Monday, March 1, 2010

Near Sighted

As I sit on my bed and type this, I can't make out the photos on my desk. I know the images in my head and can even remember some of the feelings from when the photos were taken, but I can't actually see them with my eyes. I'm near sighted. I can see what is a few feet in front of me, but without the help of my contacts or glasses not much is crisp and clear beyond that.

Walking with Jesus, sometimes I feel near sighted. I see what is in front of me fairly clear, but the things at a distance become blurred. I can make out the general shapes and sizes, the colors, but my eyes don't see the details.

As I think about my future, I know what kind of woman I want to be. I want to have faith. I want to value the eternal. I want to be transformed by knowing Christ. I want to love in His strength. I want to run free and unashamed. I want to live in grace, in light of the Gospel.

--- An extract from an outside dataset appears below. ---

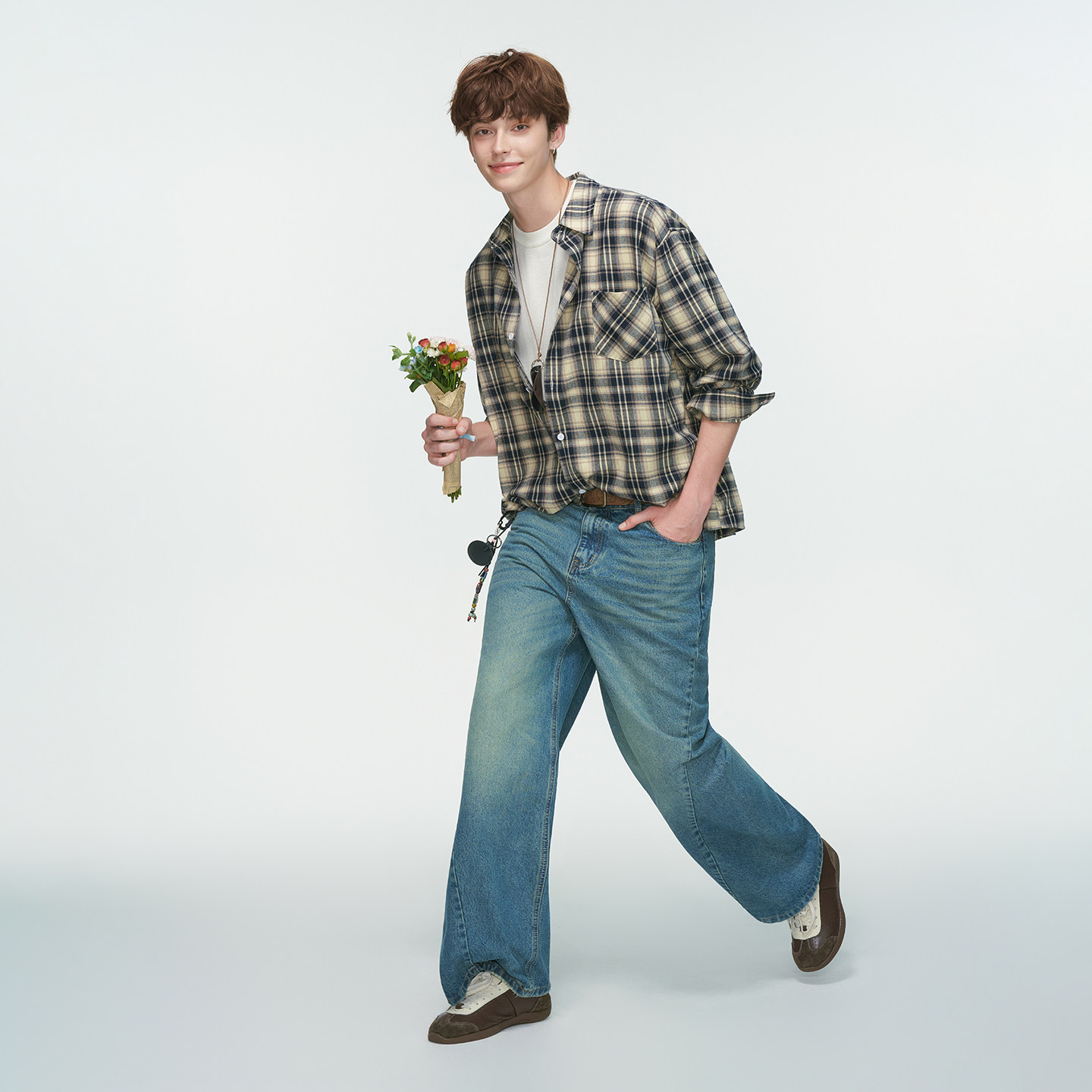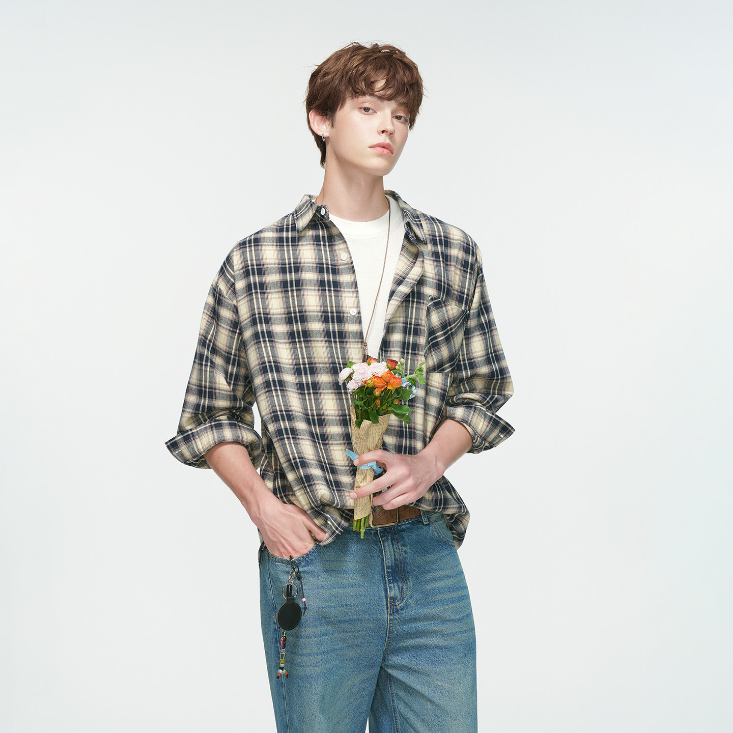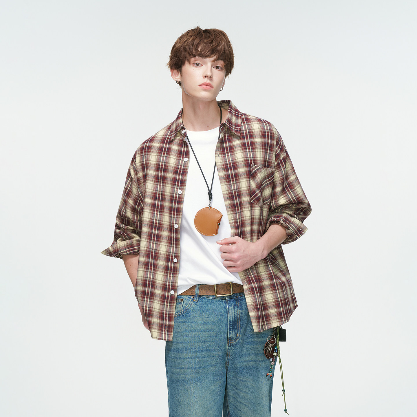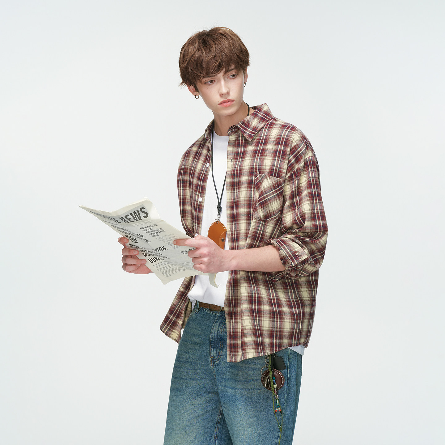 Dream made 美式复古格子长袖衬衫男春秋季潮牌休闲情侣衬衣外套
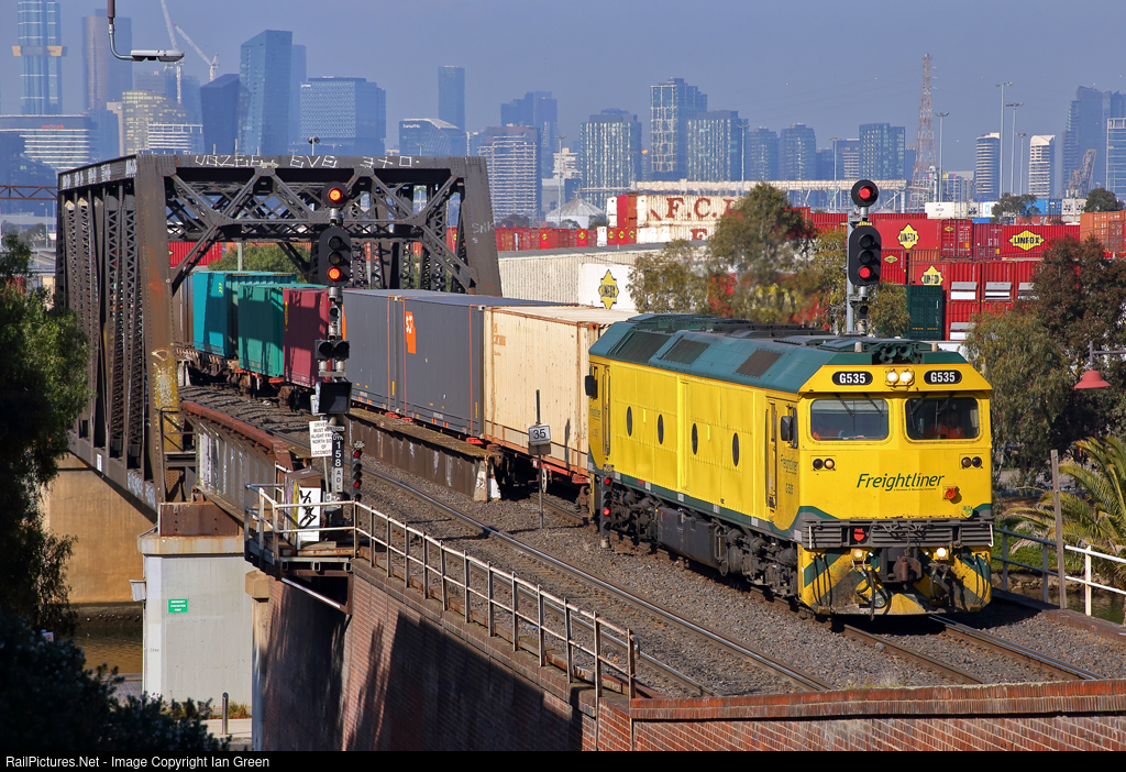 | G535 with 3MP1 Aurizon freight to Perth approaches Bunbury Street, Footscray. |

The details of how this will actually look are hazy. Tomorrow, this week, the rest of this semester, the summer; they're in view, I can make parts of them out. There are the general disciplines that will of course help me do this: spending time daily in the Word and in prayer, living in community with other believers and loving the lost well.

"Now faith is being sure of what we hope for and certain of what we do not see." -Hebrews 11:1

Lord, I know what I hope for, help me to be certain of what I do not see. Help me to be a woman of faith.